B cell receptor induced autophagy and endocytosis in Chronic Lymphocytic Leukaemia

Skills Priority Alignment: Advanced Therapeutics

Chronic Lymphocytic Leukaemia (CLL) is the most prevalent adult leukaemia in Europe and the United States and is currently incurable. CLL is largely split into two subgroups, as indolent (M-CLL) and an aggressive (U-CLL) disease characterised by their IGHV mutational status. The disease is driven through activation of the B cell receptor (BCR) and inhibitors that target this pathway are revolutionising this disease, but these agents are taken daily, not curative and resistance to these drugs is already emerging. Therefore novel strategies or salvage therapies to treat this disease are urgently required.

Consequently, a better understanding of the BCR signalling pathways is essential if we are to identify novel therapeutic targets. The Steele group has demonstrated that basal expression of markers such as LC3BII and GABARAPL2 which are associated with autophagy, a process known to promote tumorigenesis, is elevated in CLL samples compared to healthy donor (HD) cells (p=.009 & p=.013 respectively). Moreover, LC3BII expression is greater still in U-CLL samples compared to M-CLL (p=.02). It has been demonstrated the novel finding that activating CLL cells using bead immobilised (BI) or soluble anti-IgM could further augment LC3BII expression in a time dependent manner and this correlated with the cells ability to signal via the BCR. Moreover, the BCR-induced increase in LC3BII expression was greater in U-CLL samples compared to M-CLL (p=.004) or HD (p=.023) cells. CLL cells incubated with BI anti-IgM for 18-24h were also able to take up the beads (2.8 micrometre) coated with anti- IgM, but not the isotype control, by an unknown process. The size of these beads suggests that clathrin-mediated endocytosis was unlikely. However, a mechanism called LC3-associated phagocytosis (LAP) is known to plays a role in the uptake of extracellular pathogens that engage receptor mediated signalling pathway such as FcR but has not been described for sIgM. The LAP process is distinct from autophagy but still requires LC3BII to occur. Both autophagy and LAP are associated with antigen processing and presentation by the MHCII receptor, whereas autophagy alone is also involved in antigen processing for presentation by the MHCI receptor. Therefore, the aims of this project are to 1.) Determine which signalling pathways are involved in BCR-induced autophagy and LAP following treatment with soluble and BI-anti-IgM, 2.) Determine how autophagy and LAP are involved in antigen presentation to MHCII in CLL and normal B cells and 3.) Determine how these pathways differ between HD and CLL cells so that we can target these pathways therapeutically.

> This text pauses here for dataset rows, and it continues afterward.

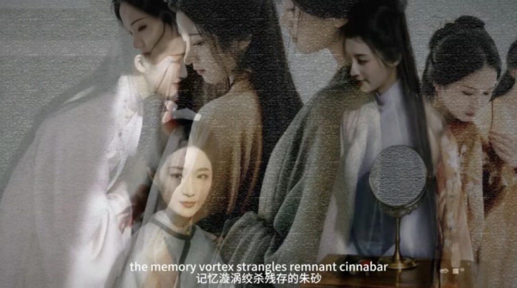 “浓雾/缠绕川泽/泥泞的魂魄失却了躯壳……”伴随着冷峻的旁白,一帧金碧山水迎面而来,拉开了AI视频作品《皮相经纬·渊艳志》的序幕。衣着华美、妆容精致的古代男女在不同场景中出现,漂亮却雷同,显得缺乏生命力。
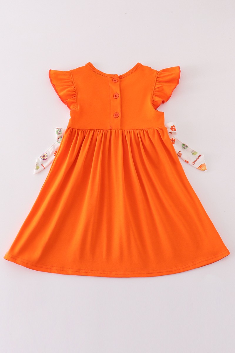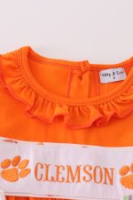 Orange clemson embroidery girl dress
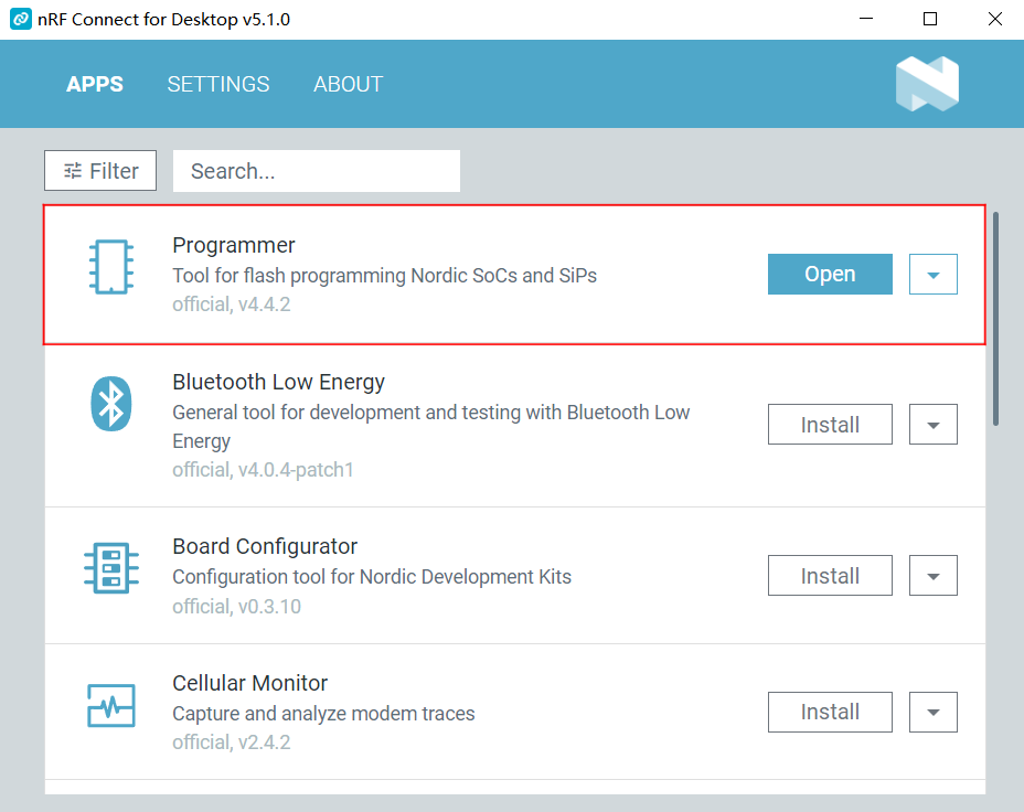 打开软件nRF-Connect-for-Desktop 安装工具 Programmer 并打开
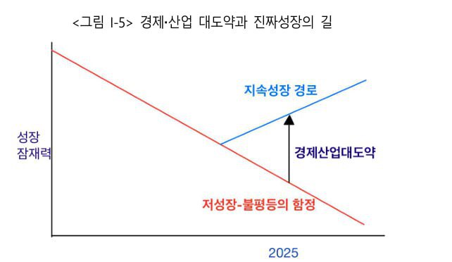 경제 성장 대도약과 진짜 성장의 길. 이재명 정권의 성장전략 보고서는 장기적 저성장 추이를 뒤집는 자본 투자 효율화 정책을 제시하고 있다. 출처 : 국정기획위원회 보고서
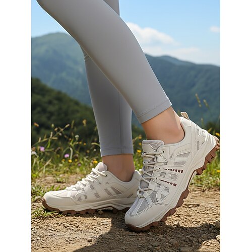 Per donna Casuale Quotidiano All'aperto Tacco basso Punta Tonda Sportivo Casual Comfort Finta Pelle Rete Allacciatura Tessuto almond Nero Rosa
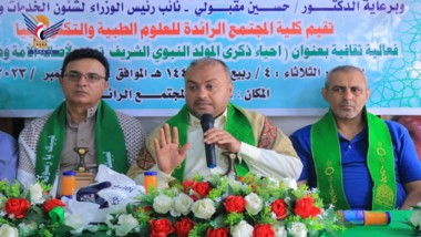 وفي الفعالية، أستعرض نائب رئيس الوزراء لشؤون الخدمات والتنمية الدكتور حسين مقبولي الأهداف السامية والدلالات العظيمة للاحتفاء بذكرى مولد النبي والدروس والعظات من سيرته للتصدي للمشاريع التي تسعى لتجريد الأمة عن قيمها ومبادئها.

This PhD studentship will bring together expertise from several key academics and link established research strengths in B-cell malignancies, cell signalling, novel therapeutics and imaging technologies between medicine (Dr Steele, Prof Cragg and Dr James), biosciences (Dr Tumbarello) and Defence science and technology laboratories (DSTL, Porton Salisbury, Dr Caroline Rowland) and the Crick (Dr Tooze). This project will improved our understanding of how autophagy and LC3 associated phagocytosis (LAP) pathways regulate CLL pathogenesis, leading to the identification of novel therapies or treatment strategies for patients.